This is the fourth article in our series exploring the evolution of virtual worlds. The first post laid out the foundations of popular virtual worlds moving from 2.5D into 3D environments, what we call VW1.0 and 2.0. Part two explores a key growth area for the virtual worlds sector away from the gaming genre – Social Virtual Reality. Our previous post (part three) explained the power and popularity of ‘building stuff’ in virtual worlds, a concept called User Generated Spaces.

In this post, we move away from sandbox environments and socialising and focus on how companies will leverage virtual worlds to create Branded Virtual Reality experiences.

Brands in Second Life

The idea of brands using virtual worlds is not a new one. From an older demographic perspective many brands have dipped their toes into virtual worlds. This activity was activated primarily by the popularity of Second Life from 2007 – 2009 with over 100 brands launching campaigns. In many cases brands created islands in Second Life and in the vast majority of cases these destinations struggled to generate visitors. Why? Because the residents of Second Life tended to hang-out on the main islands and didn’t want to teleport away from ‘the masses’ and check-out an empty branded island.

l'oreal kitchen_001

We adopted a different approach with our campaign for L’Oreal Paris in Second Life. Instead of creating an island and dragging users from the mainland to an island, instead we partnered with existing retailers of virtual goods with shops on the mainland and asked them to stock the products we created.

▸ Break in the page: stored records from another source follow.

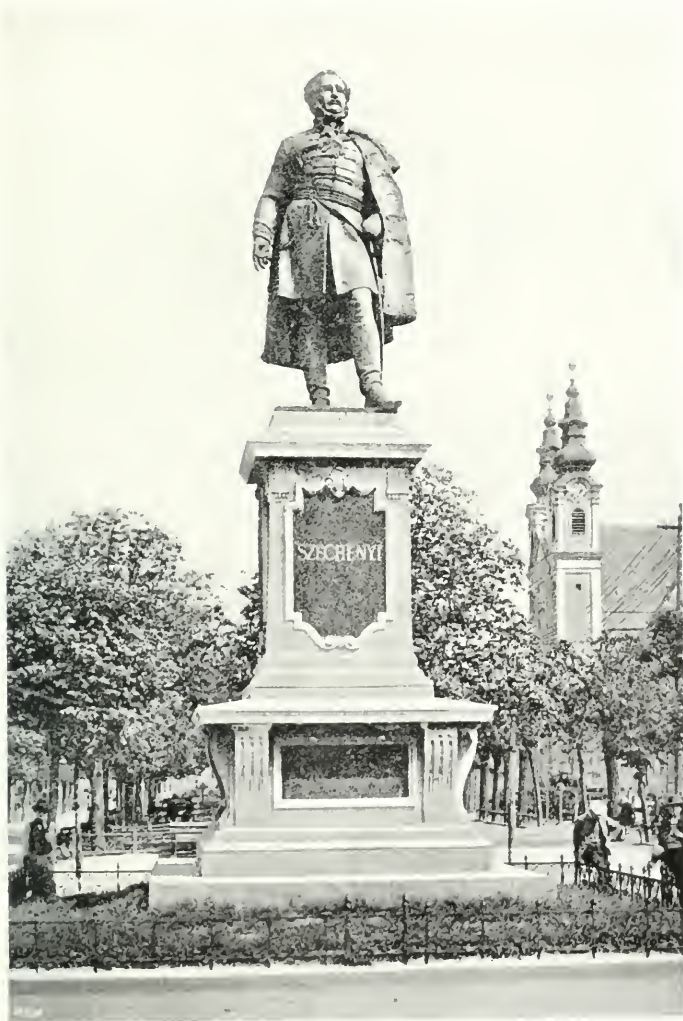
A Széchenyi-szobor Sopronban.
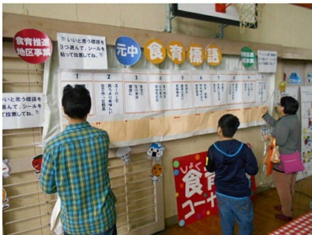
食育標語の投票の様子
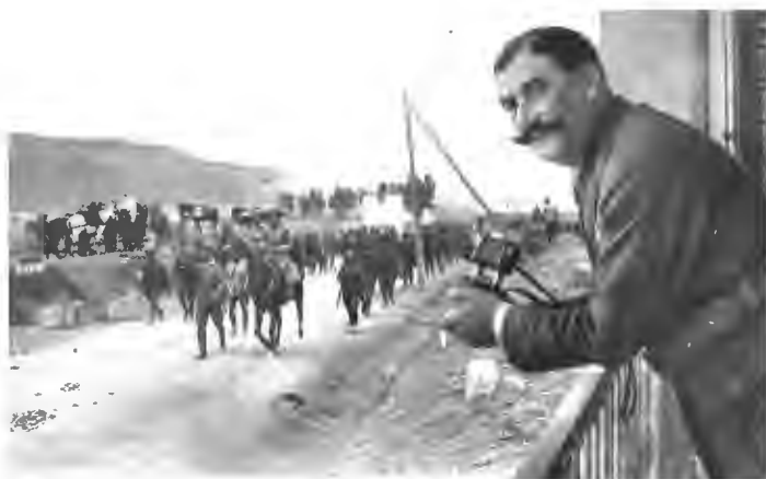
El general Dámaso Berenguer, alto comisario de España en Marruecos, viendo pasar las tropas en 1921. Revista Ilustrada Mundo Gráfico.

La creación de dos comisiones parlamentarias y el suplicatorio del Senado contra el general Berenguer , acusado de negligencia, fueron las principales medidas emprendidas para juzgar los hechos. Estas acciones se efectuaron casi únicamente contra militares , pero las responsabilidades de los políticos en la catástrofe resultaba evidente , y contra ellos se lanzaron importantes críticas en el Congreso.

These products were virtual goods in the form of ‘skins’ based on real-world cosmetics. We also utlised a popular location in Second Life called the Greenies Kitchen – a supersized room allowing visitors to explore a massively scaled kitchen. Inside the kitchen we placed an enlarged handbag containing photorealistic replicas of L’Oreal products. The virtual ‘skins’ were also distributed when users clicked on the products.

The key point to make here is that brands have to create experiences in virtual worlds that the users actually want to engage with. And, if a brand can provide a virtual world user with a product (i.e. a virtual good) that enhances their experience then all the better. The idea that ‘if you build it they will come’ is not necessarily true.

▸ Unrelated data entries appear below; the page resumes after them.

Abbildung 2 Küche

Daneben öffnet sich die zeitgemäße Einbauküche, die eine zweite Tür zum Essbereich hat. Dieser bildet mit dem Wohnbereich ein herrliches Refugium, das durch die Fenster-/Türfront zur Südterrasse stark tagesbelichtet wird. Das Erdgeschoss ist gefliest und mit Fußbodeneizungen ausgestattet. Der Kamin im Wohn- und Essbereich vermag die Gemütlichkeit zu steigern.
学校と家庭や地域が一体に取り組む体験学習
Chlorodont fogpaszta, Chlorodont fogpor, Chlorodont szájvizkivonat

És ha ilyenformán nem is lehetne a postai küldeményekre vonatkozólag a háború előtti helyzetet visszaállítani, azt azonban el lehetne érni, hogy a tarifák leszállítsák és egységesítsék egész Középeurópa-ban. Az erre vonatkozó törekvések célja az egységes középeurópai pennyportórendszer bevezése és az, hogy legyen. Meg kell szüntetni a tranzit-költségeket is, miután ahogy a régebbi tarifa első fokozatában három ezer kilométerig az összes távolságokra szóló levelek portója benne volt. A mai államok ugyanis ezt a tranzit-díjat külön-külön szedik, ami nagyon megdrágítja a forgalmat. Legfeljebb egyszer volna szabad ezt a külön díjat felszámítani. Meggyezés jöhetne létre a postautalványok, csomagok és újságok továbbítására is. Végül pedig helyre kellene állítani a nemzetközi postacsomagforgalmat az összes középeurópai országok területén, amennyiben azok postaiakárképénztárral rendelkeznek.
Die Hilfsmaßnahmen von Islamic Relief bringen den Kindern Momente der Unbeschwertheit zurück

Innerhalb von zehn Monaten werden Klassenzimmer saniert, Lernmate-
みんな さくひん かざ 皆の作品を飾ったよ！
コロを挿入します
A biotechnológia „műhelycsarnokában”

Existing Branded Virtual Worlds

Shifting to a younger demographic, the kids and tween sectors have adopted virtual worlds in their millions. As shown in the graphic below from the KZero Universe Chart, VWs such as Moshi Monsters, Monkey Quest, Moviestar Planet and Poptropica command significant online audiences.

This is turn has facilitated offline revenue streams in the form of merchandising, movies and other forms of branded entertainment.

kzero universe q2 2014 seg2

The way that branded virtual worlds resonate with this age range presents a interesting opportunity to brand owners when the virtual reality market penetrates this demographic.

Branded Virtual Reality

From an experience perspective, the current state of the virtual reality market is being driven by independent developers, enthusiasts and in a small number of cases, larger studios creating games in liaison with headset manufacturers.

Brands haven’t completely ignored the emerging popularity of virtual reality though. As this presentation shows, some companies and IP’s have already dabbled with VR demos. Expect to see more of these types of applications used for expos, product launches and the like.

But once the number of headset owners starts to ramp-up (from early 2015 onwards) with products such as the Oculus Rift (CV1), Sony Project Morpheus and others coming to market, this will be the catalyst for brands to enter the VR space. Here are some examples of how this will happen….

Gaming Brand Extension

3176836171_5aa0b21e9f_o For some brands, virtual reality fits very nicely into their existing brand values. A great example is Red Bull. Red Bull works hard to extend their brand into categories and experiences outside of their actual product, with Red Bull Racing being a perfect example.

This company already ‘has previous’ in the virtual space with a gaming experience inside Playstation Home and it’s easy to envisage this type of VR application being created. But this isn’t just a gaming opportunity for Red Bull – imagine experiencing a real-life real-time Red Bull race streamed from a stereoscopic 3D camera (from a company such as Jaunt ).

Music, Movies and TV

Wider product opportunities are also presented to brands over and above VR gaming. Take the music category for example. Music is already a powerful experience in virtual worlds and becomes even more compelling with virtual reality. Branded VR experiences from musicians and bands would allow fans to get even closer to their favourite artists with concepts such as virtual concerts. So, record labels should examine VR as closely as they currently user social media channels.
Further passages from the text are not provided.